A support vector machine (SVM) is a method for teaching a computer to sort things into categories, for example spam versus not-spam. The idea was introduced in its modern form by Corinna Cortes and Vladimir Vapnik in their 1995 paper “Support-Vector Networks.” The paper describes “a new learning machine for two-group classification problems.”
The core intuition is the margin. Imagine plotting your examples as points and drawing a line that separates the two classes. Many lines might separate them, but an SVM looks for the one that leaves the widest gap, the largest margin, between the line and the nearest points on either side. Those nearest points are the “support vectors,” and they alone determine the boundary; the rest of the data could be removed without changing it. A wide margin tends to generalize better to new, unseen examples.
Real data is rarely separable by a straight line. SVMs handle this with the kernel trick: a kernel is a function that, as the paper puts it, lets input vectors be “non-linearly mapped to a very high-dimension feature space” where a straight separating surface can be found. The clever part is that the math never has to compute coordinates in that huge space directly, which keeps the method efficient even when the implied space is enormous.
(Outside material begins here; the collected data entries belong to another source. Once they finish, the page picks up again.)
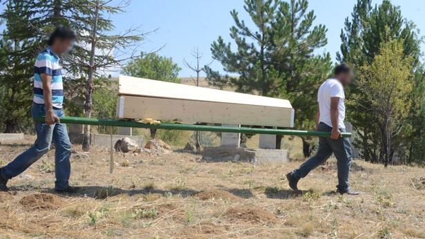 Ebatları normal dışında çok büyük olan tabutu arabaya yükleyip Konya’ya doğru yola koydular. Köy muhtarından cenazenin defni için izin aldılar, ama mezar kazmak için iki ilçe belediyesinden kepçe talep etmelerine rağmen ikisinden de olumsuz yanıt aldılar. “Ailem mezar kazımı için bir akrabamızın tanıdığından kepçe kiralayıp mezar yerini hazırladı. Cenaze namazı için imam da bulamadılar, namazı köy ahalisinden biri kıldırdı.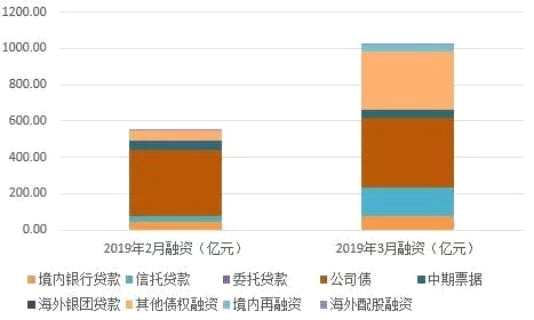 圖為2019年2月、3月典型上市房企融資情況對比,來源:同策研究院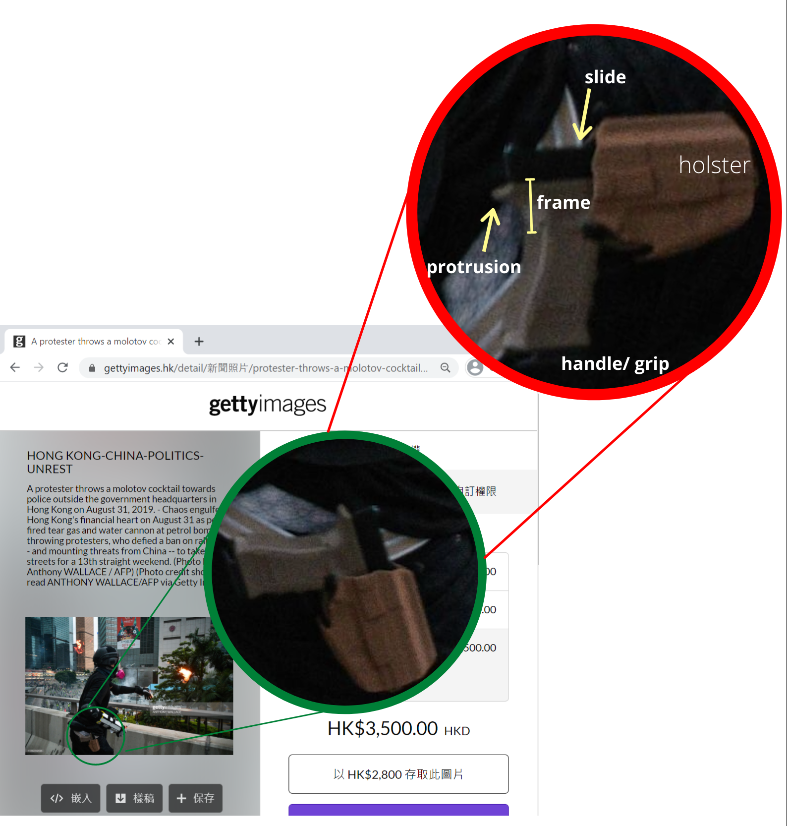 On Oct. 7, 2019, the then News Lens editor Cheng Ka-yue fact-checked the claim in Chinese and came to a conclusion that the sidearm was an air gun, a type called BB gun or airsoft gun.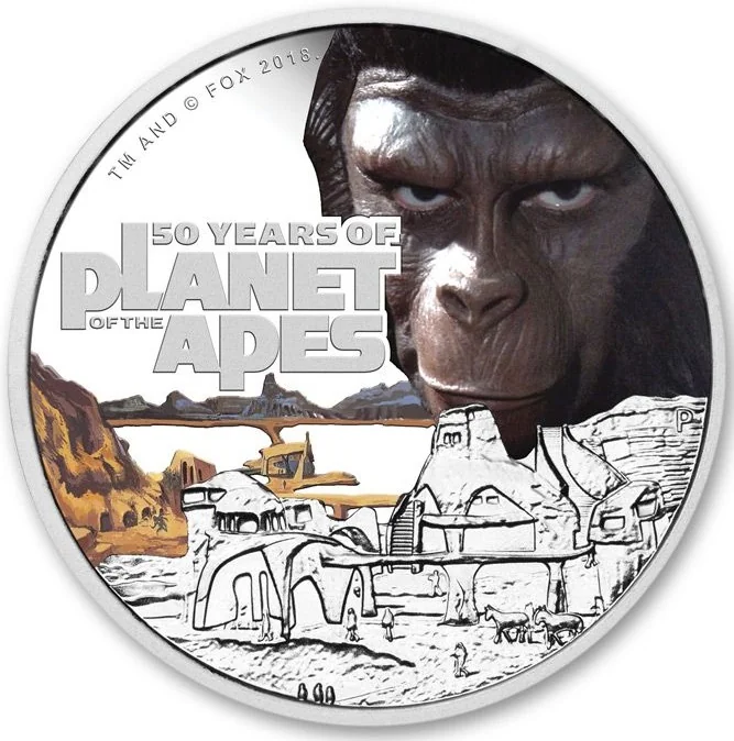 Roddy McDowall as Cornelius from *Planet of the Apes*, reflected over Ape City.

The historical role is what makes SVMs worth knowing. With strong theoretical backing from Vapnik’s statistical learning theory and excellent practical results, SVMs and related kernel methods were the dominant, most respected approach to classification from the late 1990s through the 2000s. For roughly fifteen years they outperformed neural networks on many tasks and were widely seen as the more principled choice, which is a large part of why the neural network revival arrived only in the 2010s.